- 'Columnaris' 60 ft (18 m) tall and a spread of 18 ft (5.5 m) (circa 1951).
- Species: Ulmus americana
- Cultivar: 'Columnaris'
- Origin: Conesus Lake, New York, US

= Ulmus americana 'Columnaris' =

Elm cultivar

The American elm cultivar Ulmus americana 'Columnaris' was propagated by R. E. Horsey of the Rochester N.Y. Parks Department from a tree found by Mr John Dunbar at Conesus Lake, New York, in 1911, and originally described as a forma, Ulmus americana L. f. columnaris, f. nov. Rehder (1922). It was the earliest of a number of compact, columnar American elm cultivars, to be followed by 'Ascendens' and 'Augustine Ascendening'.

==Description==
As implied by its name, the tree has a fastigiate, columnar form, of almost equal width from the base to a top which is rather flat in appearance. "The leaves differ from those of the common form," wrote Rehder (1922), "in being rather broad, measuring up to 7.5 cm. in width, very sharply and deeply doubly serrate, scabrous above, pilose on the veins and veinlets beneath and very unequal at the base; the petioles are very short, not exceeding 3 mm. in length; the young branchlets are pubescent."

==Pests and diseases==
No specific information available, but the species as a whole is highly susceptible to Dutch elm disease and elm yellows; it is also moderately preferred for feeding and reproduction by the adult elm leaf beetle Xanthogaleruca luteola, and highly preferred for feeding by the Japanese beetle Popillia japonica in the United States.

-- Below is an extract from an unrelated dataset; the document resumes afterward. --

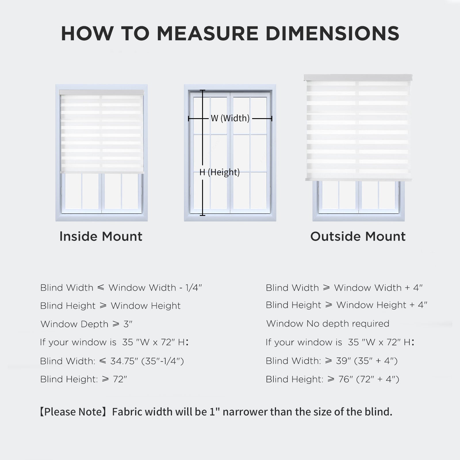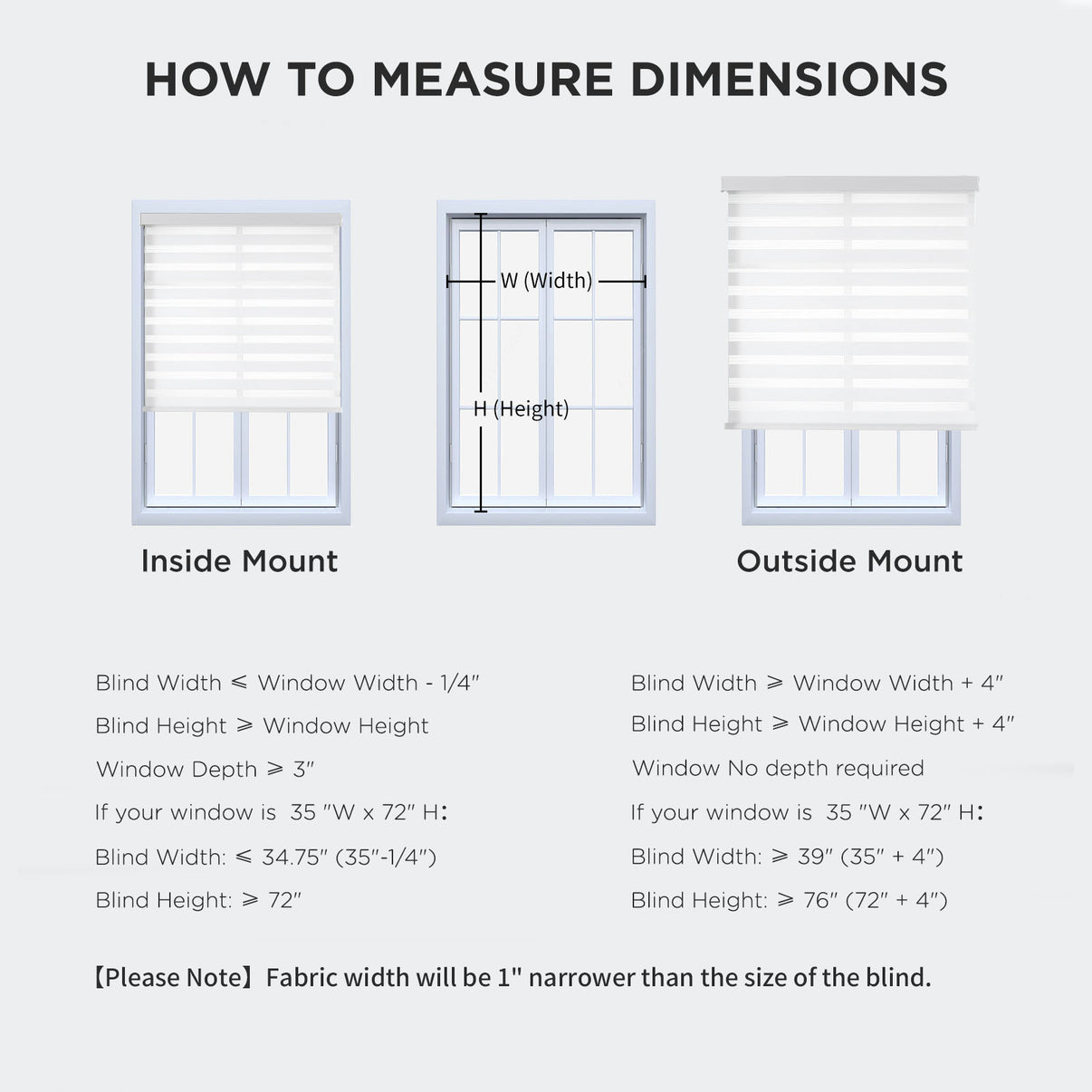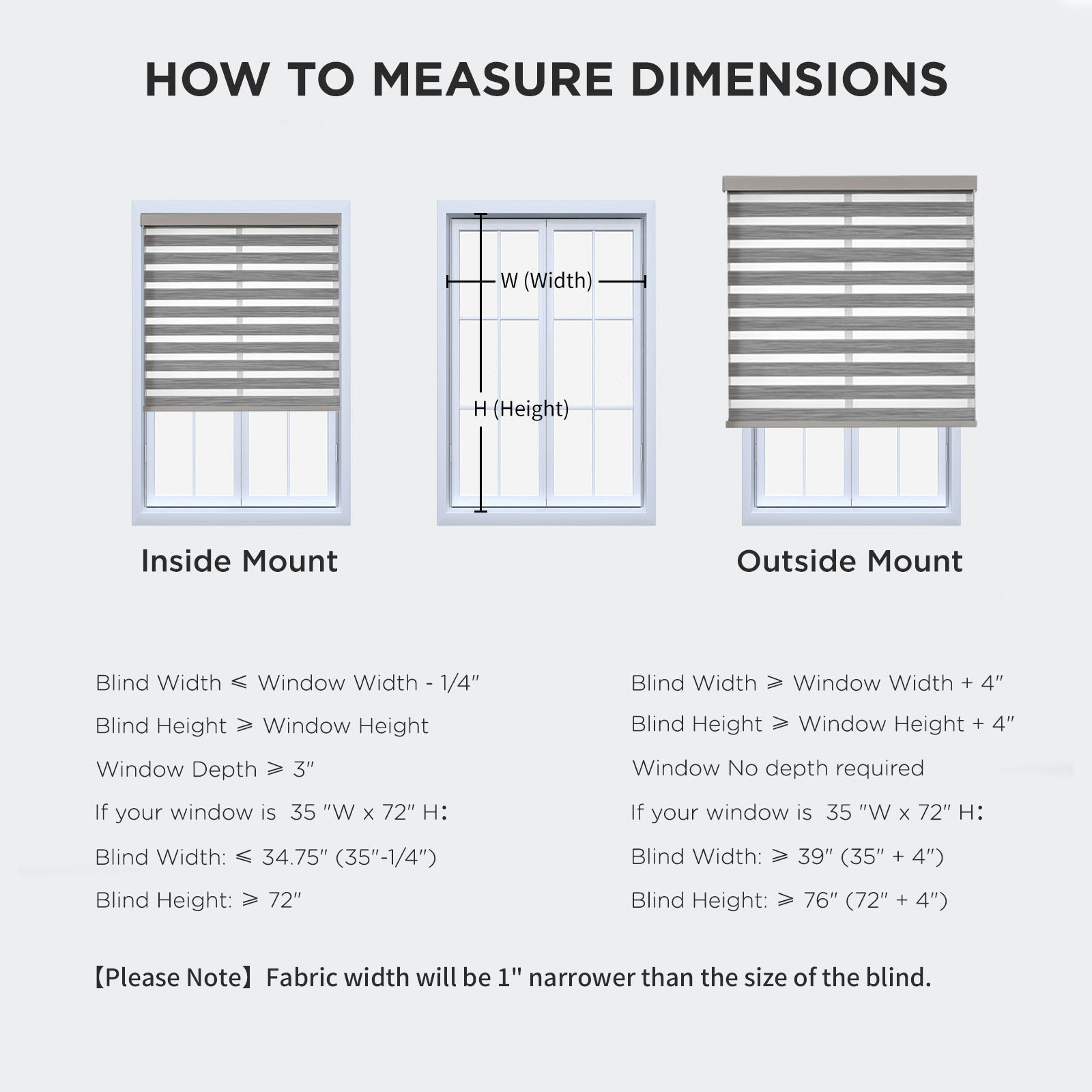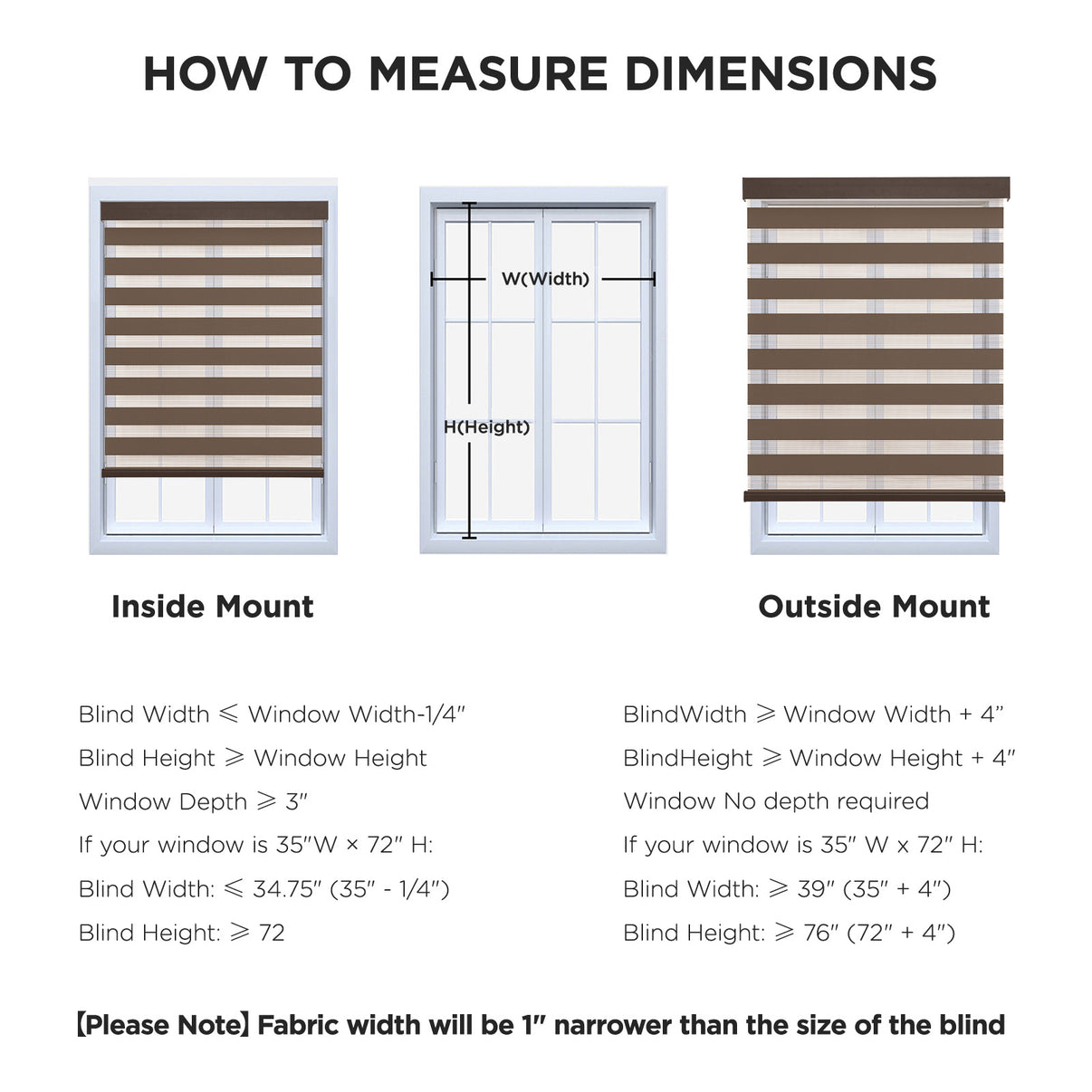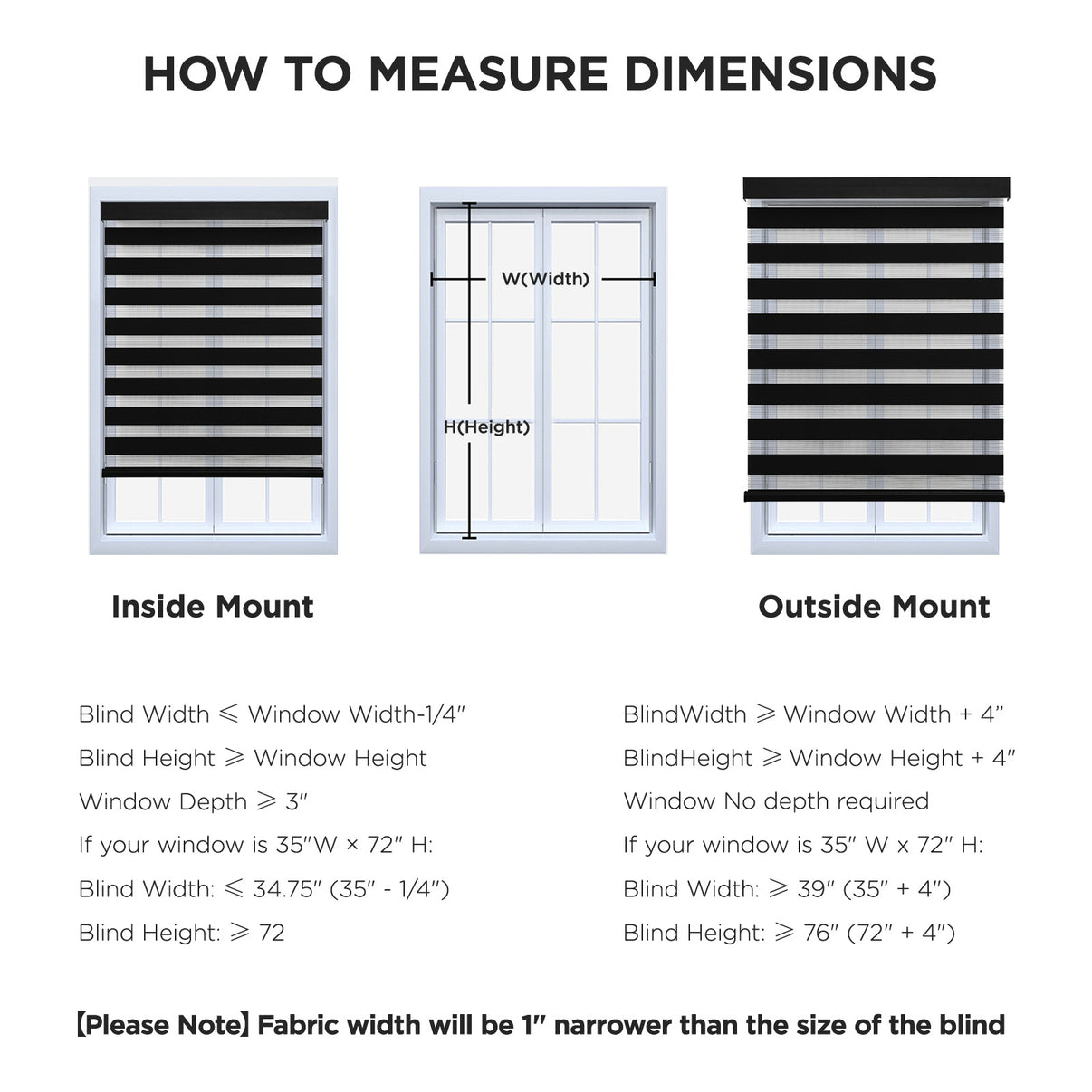 - 【How to choose a correct size】Example your window meas 35"W x 72"H:①INSIDE MOUNT: Window Width deduct 0.25" is Blind width. Blind Width≤35"-0.25=34.75"; Blind Height≥72". ②OUTSIDE MOUNT: Plus at least 4" is blind width, Blind Width≥35"+4"=39"; Blind Height≥72+4=76".【Pls Note】Fabric width will be 1" narrower than the size of the blind.

U. americana is also the most susceptible of all the elms to verticillium wilt.

==Cultivation==
'A specimen of 'Columnaris' was present in Arnold Arboretum. The tree is not known to have been cultivated beyond the United States, and is no longer in commerce.

==Accessions==
- North America
- Morton Arboretum, Illinois, US. Specimen in the Columnar Tree Section reputed to be "in good health" in the autumn of 2006. Acc. no. 1041–41, (graft).